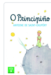
PRINCIPIO, O SAINT-EXUPÉRY, ANTOINE DE
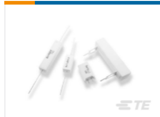
TE 产品编号1-1623793-2 线绕电阻器：水平安装
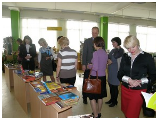
Izstāde „Rīga grāmatās no senatnes līdz mūsdienām” un apgāda „Jumava” 20 gadu jubilejas izstāde
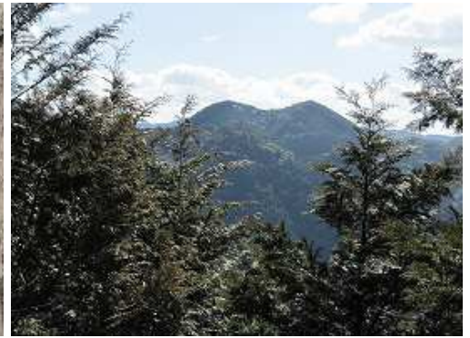
東に開けた所があり、南東方面が望める。
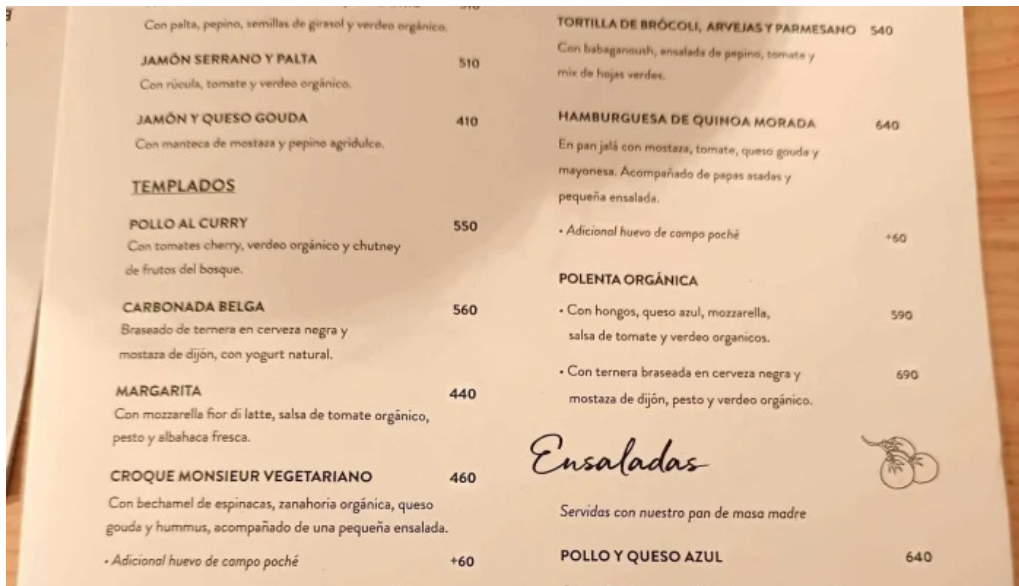
Le pain quotidien comentario 2
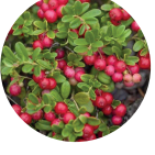
Turna Yemişi Konsantresi Tozu
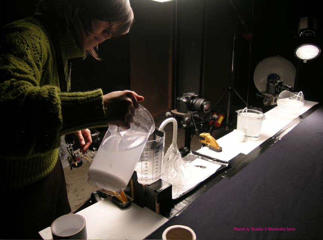
Planet A, Studio © Momoko Seto
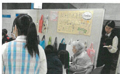
家庭選択生徒「プチカフェ」
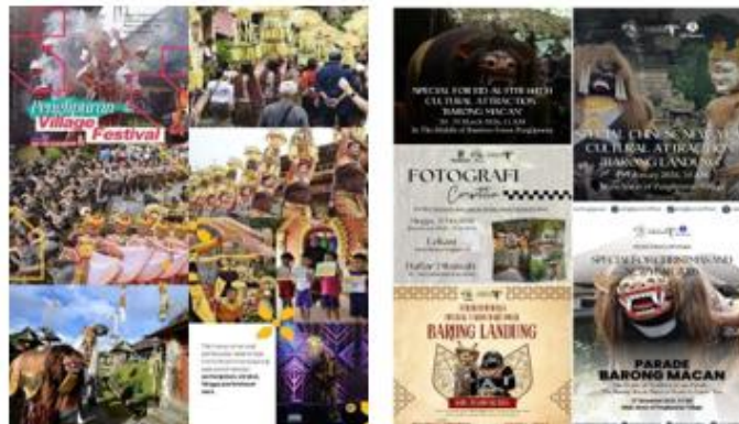
Gambar 11. Penglipuran Village Festival & Atraksi Budaya

Ngusaba bantal ialah upacara tahunan dilaksanakan menjelang Hari Raya Nyepi, ditandai dengan persembahan banten sebagian besar menggunakan jajan bantal, sebagai ungkapan syukur atas hasil panen dan keseimbangan hidup. Upacara ini sarana pelestarian budaya sekaligus atraksi bagi wisatawan untuk menyaksikan kearifan lokal dan kuliner tradisional desa. Adapun Nepak Baan, ritual penghormatan leluhur di mana anggota desa (Krama Ngarep) mengelilingi Bale Agung tiga kali sebagai rasa syukur dan permohonan keselamatan, biasanya bersamaan upacara mlaspas/penyucian bangunan. Hal ini menekankan nilai spiritual, kebersamaan, dan rasa hormat mendalam (Sudarwani & Priyoga, 2023).
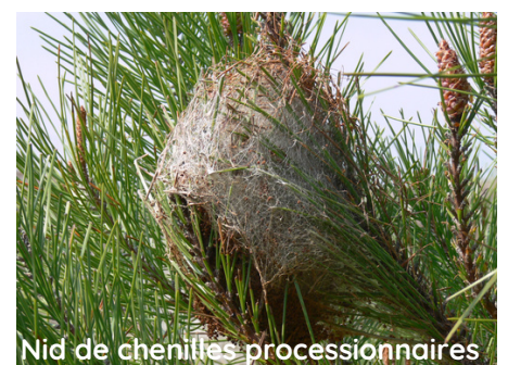
Nid de chenilles processionnaires

Vous pouvez contacter des professionnels qui auront l'équipement pour intervenir.
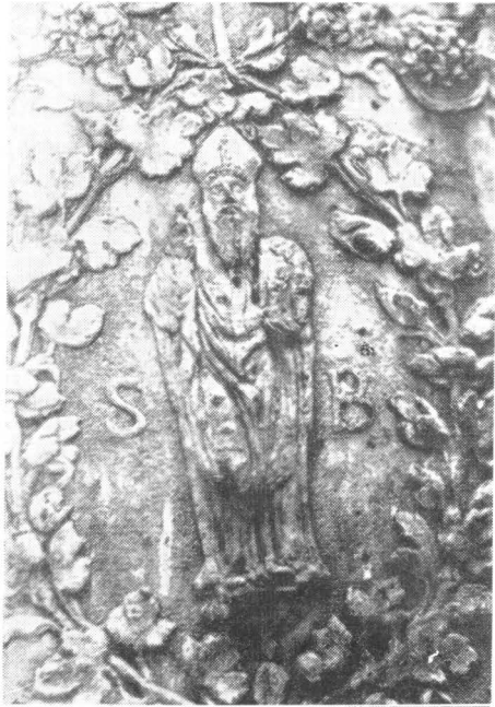
22. Ivan de Tollis Rabljanin: Reljefni ukrasi na zvonu gradskog zvonika
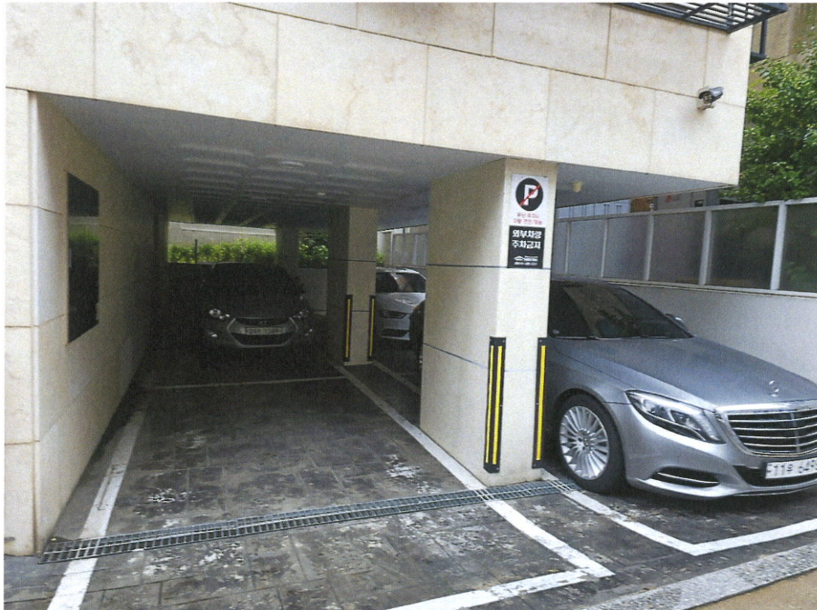
본건동 주차장 전경
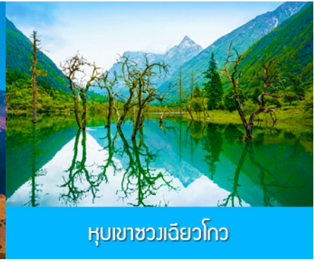
หุบเขาชวงเฉียวโกว
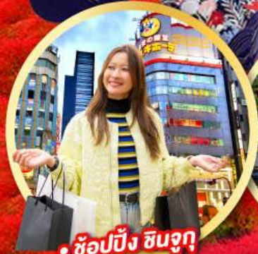
• ช้อปปิ้ง ชินจูกุ

กิจกรรมใส่ชุดกิโมโน พร้อมชมโชว์การแสดงต่างๆ
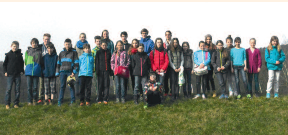
27 TSV-ler fahren mit ins Ostertrainingslager nach Bad Blankenburg
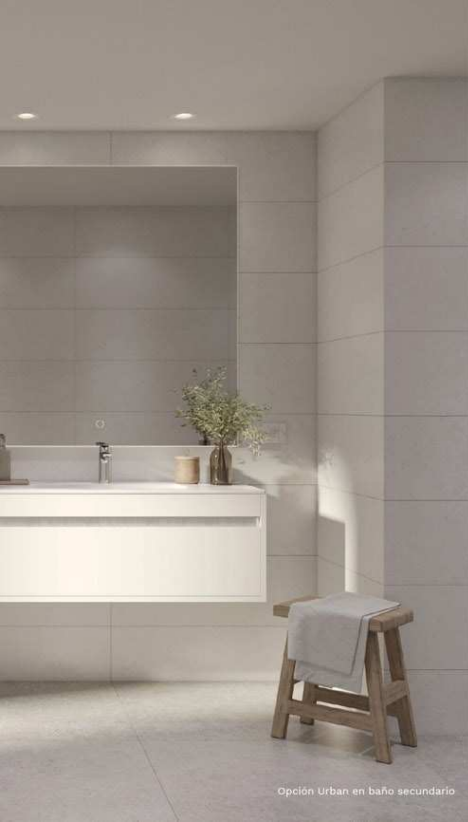
Opción Urban en baño secundario
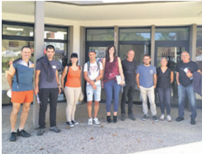
Sakandarrak Baigorri harrera egin zietenekin batera. Elkarlana aztertzen ari dira.

Lastailean bi bilera egin zituzten aldeek. Sakandarrekin batera
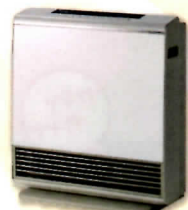
ガスファンヒーター
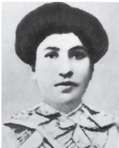
ԽԱՍԸՄ ՔԵԹԵՆՃՅԱՆ ?-1915
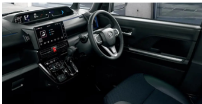
上質感がアップしたカスタムのインテリア
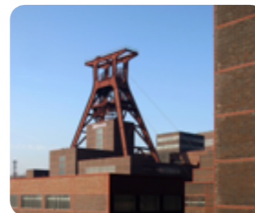
UNESCO Welterbe Zollverein, Essen
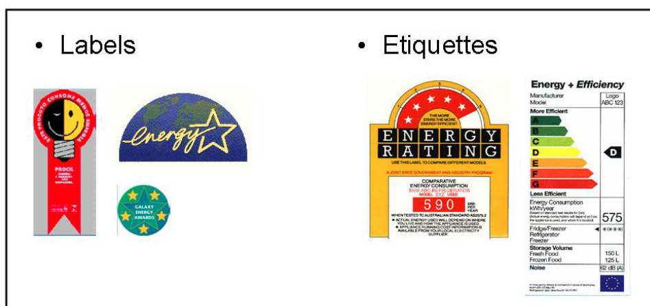
Tableau 1 : Exemples de labels et étiquettes Energie

L'étiquette énergétique ("comparison label") permet de comparer entre elles les performances énergétiques de tous les produits dans une catégorie donnée (réfrigérateurs/congélateurs, sèche-linge, lave-linge, etc) : ex EnergyGuide aux USA ou l'étiquette Energie en Europe. Les labels ("endorsement label") permettent uniquement de distinguer les appareils les plus performants : ex. Energy Star – USA. Les premiers s'appliquent généralement à l'ensemble des produits disponibles, alors que les seconds relèvent d'une démarche volontaire de la part des industriels.

The task: Among the lines above, which ones hold the string "batera"? Show them.

Exercise result:
Sakandarrak Baigorri harrera egin zietenekin batera. Elkarlana aztertzen ari dira.
Lastailean bi bilera egin zituzten aldeek. Sakandarrekin batera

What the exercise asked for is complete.